*** Record extracts ***

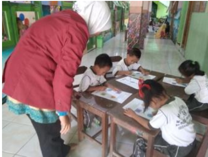
Gambar 13. Kegiatan Inti 2 (Kegiatan mencari jejak)
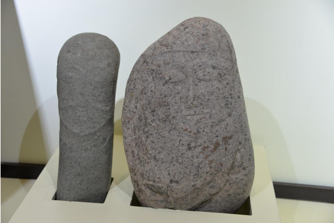
Foto 38: Manas Üniversitesi Arkeoloji - Etnografya Müzesindeki taş babalardan ikisinin görüntüsü

Manas Üniversitesinde açık alanda bulunan taş babaların mümkün olan en kısa sürede Arkeoloji - Etnografya Müzesinde oluşturulacak taş eserler bölümünde sergileneceğine olan inancımızı belirterek; üniversitedeki bazı taş babaların görüntülerini ilgilileriyle paylaşmak yerinde olacaktır:
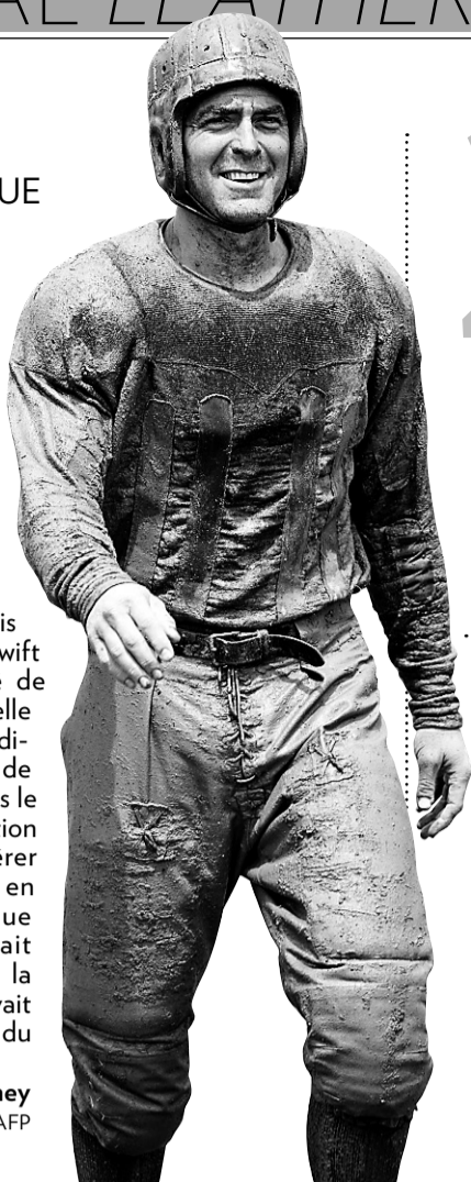
George Clooney

Quand il a ressorti le scénario de Leatherheads de ses tiroirs 10 ans après que le projet eut été abandonné par Steven Soderbergh, George Clooney s'est inspiré d'une histoire qui s'est déroulée pendant la campagne présidentielle de 2004 pour y ajouter une nouvelle dimension. « Je trouvais intéressant de donner au personnage qu'incarne John Krasinski un passé héroïque qui pouvait être remis en question. Quand l'association Swift Boat Veterans for Truth a décidé de réaliser une publicité dans laquelle elle s'en prenait au passé militaire du candidat démocrate John Kerry, j'ai tout de suite eu l'idée de transposer cela dans le scénario. Cela n'a aucune connotation politique. Il s'agissait plutôt d'insérer un élément supplémentaire, riche en potentiel comique. » Rappelons que l'organisation en question estimait John Kerry « non présidentiable » à la suite des critiques que ce dernier avait formulées à son retour de la guerre du Vietnam.
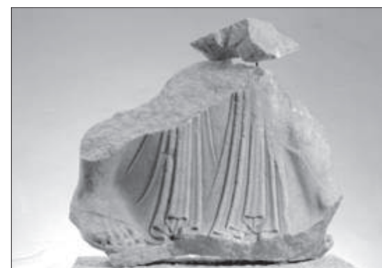
Εικ. 6. Η τρέχουσα μορφή του βόρειου ακρωτηρίου

το λυγισμένο δεξιό θα κρατούσε το δόρυ. Όταν βρέθηκε στην ανασκαφή του 1903, το κάτω μέρος του σώματός της σωζόταν σε ένα μεγάλο θραύσμα που άρμοζε κατά θραύσιν, αλλά δε βρέθηκε στα νεώτερα χρόνια, πιθανώς έσπασε σε μικρότερα κομμάτια τρία που αποδίδονται στο σχέδιο θεωρήθηκε ότι συναποτελούσαν το θραύσμα. Την προσπάθεια απόδοσης των θραυσμάτων αντιλαμβάνεται κανείς στο σχέδιο της αναπαράστασης του νότιου αετώματος, (εικ. 8) στο οποίο σχεδιάζονται ένα-ένα τα θραύσματα που είναι πιθανό να ανήκουν στις μορφές.
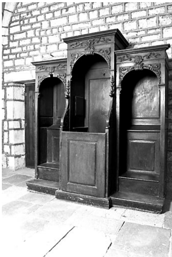
Vue générale. 70, Marnay
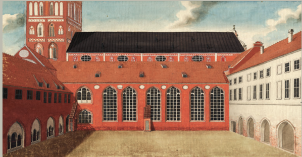
Innenhof des Rigaer Domes (Domschule), Aquarell 1786. Brotze, J. Chr., Monumente, Bd. IV, Bl. 192 © Lettische Universitätsbibliothek Riga.

Bildung ist ein Schlüsselthema der baltischen Geschichte. Über Jahrhunderte beeinflusste die deutsche Oberschicht die Orte, Strukturen und Konzepte der Bildung im Baltikum: von der kirchlichen Bildung im Mittelalter bis zur Hochschulbildung an der Kaiserlichen Universität Dorpat/Tartu.
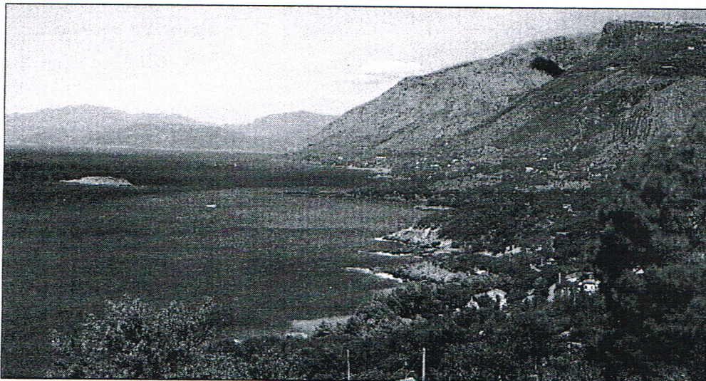
La costa marateota oggetto dei “desideri”
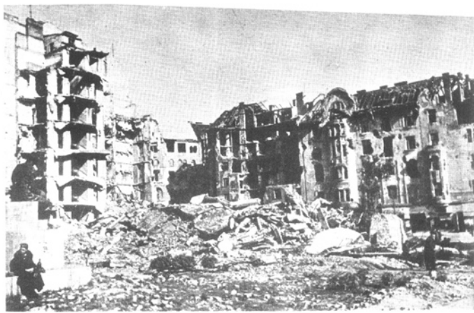
Bulevard Margit - 1945

En la Biblioteca húngara. Ver dirección en Nuestras Instituciones, última página del periódico).
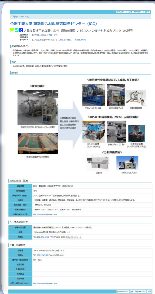
掲載例 金沢工業大学革新複合材料研究開発センター (ICC)

*** End of Record extracts ***

Write out again exactly the lines above from the one with "Vue générale. 70, Marnay" through the one with "Bulevard Margit - 1945", adding no other lines and no pictures.

Answer box —
Vue générale. 70, Marnay
Innenhof des Rigaer Domes (Domschule), Aquarell 1786. Brotze, J. Chr., Monumente, Bd. IV, Bl. 192 © Lettische Universitätsbibliothek Riga.

Bildung ist ein Schlüsselthema der baltischen Geschichte. Über Jahrhunderte beeinflusste die deutsche Oberschicht die Orte, Strukturen und Konzepte der Bildung im Baltikum: von der kirchlichen Bildung im Mittelalter bis zur Hochschulbildung an der Kaiserlichen Universität Dorpat/Tartu.
La costa marateota oggetto dei “desideri”
Bulevard Margit - 1945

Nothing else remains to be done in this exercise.